[FFmpeg-devel] [PATCH] add signature filter for MPEG7 video signature

Tue Mar 22 02:20:24 CET 2016

On Montag, 21. März 2016 15:00:52 CET Thilo Borgmann wrote:
> Am 21.03.16 um 14:15 schrieb Gerion Entrup:
> > On Montag, 21. März 2016 11:53:27 CET Thilo Borgmann wrote:
> >> Am 21.03.16 um 00:14 schrieb Gerion Entrup:
> >>> On Sonntag, 20. März 2016 17:01:17 CET Thilo Borgmann wrote:
> >>>>> On Sun, Mar 20, 2016 at 12:00:13PM +0100, Gerion Entrup wrote:
> >>>> [...]
> >>>> 
> >>>>> This filter does not implement all features of MPEG7. Missing
> >>>>> features:
> >>>>> 
> >>>>> - binary output
> >>>>> - compression of signature files
> >>>> 
> >>>> I assume these features are optional?
> >>> 
> >>> Compression is optional (could be set as flag in the binary
> >>> representation). I have not found, whether binary output is optional.
> >>> 
> >>> It is definitely possible to only work with the XML-Files.
> >> 
> >> Of course, but having an unspecified XML output is almost useless if
> >> binary
> >> output is not optional. So I think it is crucial to know what the spec
> >> says
> >> about output.
> > 
> > The spec defines the XML output my filter do atm and specifies a binary
> > output additional.
> > 
> >>>>> - work only on (cropped) parts of the video
> >>>> 
> >>>> How useful is this then? Has fingerprint computed only on (cropped)
> >>>> parts
> >>>> of the video any value outside of FFmpeg itself - does this comply to
> >>>> the spec so that it can be compared with any other software generating
> >>>> it?
> >>> 
> >>> To clarify, the filter does not crop anything. The standard defines an
> >>> optional cropping to, I guess, concentrate on specific video parts (this
> >>> is not implemented). Assuming someone is recording a monitor, then e.g.
> >>> the unrelated part of the video could be cropped out. Beside that, the
> >>> signature itself is invariant to cropping up to a certain limit.
> >>> 
> >>> The cropping values (upper left and bottom right position are specified
> >>> in
> >>> the xml, so another software could either crop the same way or compare
> >>> only with the cropped input.
> >>> (The fact, that ffmpeg has a cropping filter, would make such a feature
> >>> some kind of redundant.)
> >> 
> >> If I understand it correctly, the filter should not crop the image but
> >> only
> >> use the pixel information within the specified area or the whole image.
> >> Making it a filter option is useful, because the fingerprint of a part of
> >> the image can be used in a filter chain continuing with the entire image
> >> (no actual crop is required).
> > 
> > Of course it would be great, if the filter would support it. It needs some
> > modification to the summed area table.
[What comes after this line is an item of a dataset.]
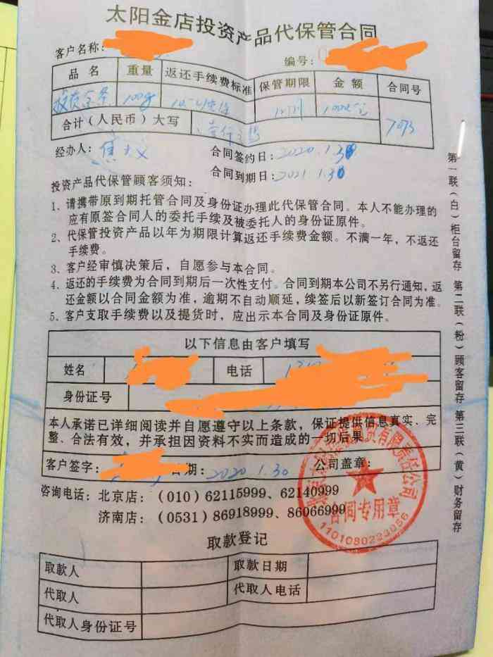 一個月后,李飛并未提貨,而是攜帶原到期托管合同及身份證,辦理《太陽金店投資產(chǎn)品代保管合同》,根據(jù)合同,太陽金店幫李飛保管100克金條,一年到期后,李飛可以獲得1000元手續(xù)費。后來,李飛一共續(xù)簽了兩次,最后一次簽約是在2020年1月30日。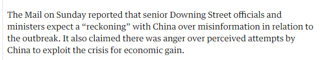 《衞報》還透露説,有消息稱英國政府內部的資深官員和部長正準備和中國“清算”關於新冠疫情的“不實信息”。該消息還稱這些英國官員對於中國“利用疫情獲取經濟利益”感到憤怒。

Once the binary output is ready, I
> > will try to do it.
> > 
> >>> The XML is standard compliant.
> >> 
> >> So XML output is compliant to the spec? Or is the XML itself just valid
> >> XML?> 
> > The XML output is compliant to the spec. The whole format is specified
> > there.> 
> >>> The signature is not bitexact. 3-4 (ternary)
> >>> values in the framesignature differ from the signature of the sample
> >>> files, but the conformence tests [1] allow up to 15 ternaryerrors.
> >> 
> >> Bitexact compared to what?
> > 
> > The institute, where I write the filter, owns the sample files mentioned
> > in the doc together with the correspondent binary and XML signatures (so
> > I could compare it).
> > 
> >> Does it allow up to 15 ternary errors for assume two inputs are equal
> >> enough to be the same image or does it state that the fingerprint itself
> >> may differ for 15 ternary errors for the very same image?
> > 
> > The 15 tenary errors are valid between the sample signature and the
> > reimplementation for the same sample.
> > 
> > But ok, you seem to be right, the binary representation seems to be
> > necessary. I quote (out of the linked doc):
> > 
> > "The number of dimensions whose ternary values differ between the test and
> > the reference video signatures shall be less than or equal to 15 out of
> > 380, if the FrameConfidence values of both the test and the reference
> > video signatures are greater than or equal to 4. The ternary values of
> > the frame signature shall be decoded from the binary representation
> > according to Table E.1."
> This part of the spec seems to be dealing with comparing a reference image
> with a test image. These two images differ, and how I read it, the spec
> says they are identified as the same image if (FrameConfidence >= 4 &&
> ndiff(sig_ref, sig_test) <= 15).
This part comparing a reference signature with a test signature. They are
not identified as same images. A test signature is declared as conform, if
it fulfills the condition.

(To compare two images with the signature technique and declare them as
matching, a lot of more parts of the signature could differ.)
> 
> That is about identifying images.
> That is not about calculation of the signature.
> 
> So again: Does your fingerprint filter produces the exact same fingerprint
> for _the exact same image_ like the reference software?
> (Input reference image -> filter -> exact same fingerprint like in reference
> xml?)
No.

> 
> If not, the difference has to be understood and your filter has to be
> updated to match the reference fingerprint.
No. The conformance test says:
"In order for the video signature extractor being tested to pass the
conformance test, the FrameSignature and the FrameConfidence for 99.99% or
more of all frames from the specified video set, i.e. 162837 frames or
more out of 162853 frames, shall satisfy the following two conditions."
One of the condition is the above one. I have tested my signature against
the sample files and all is bitexact except 3-4 ternary errors in some
frames. So the condition "The number of dimensions whose ternary values
differ between the test and the reference video signatures shall be less
than or equal to 15 out of 380" is fulfilled. I hope, I get the samples
soon, so I can proof it.

Gerion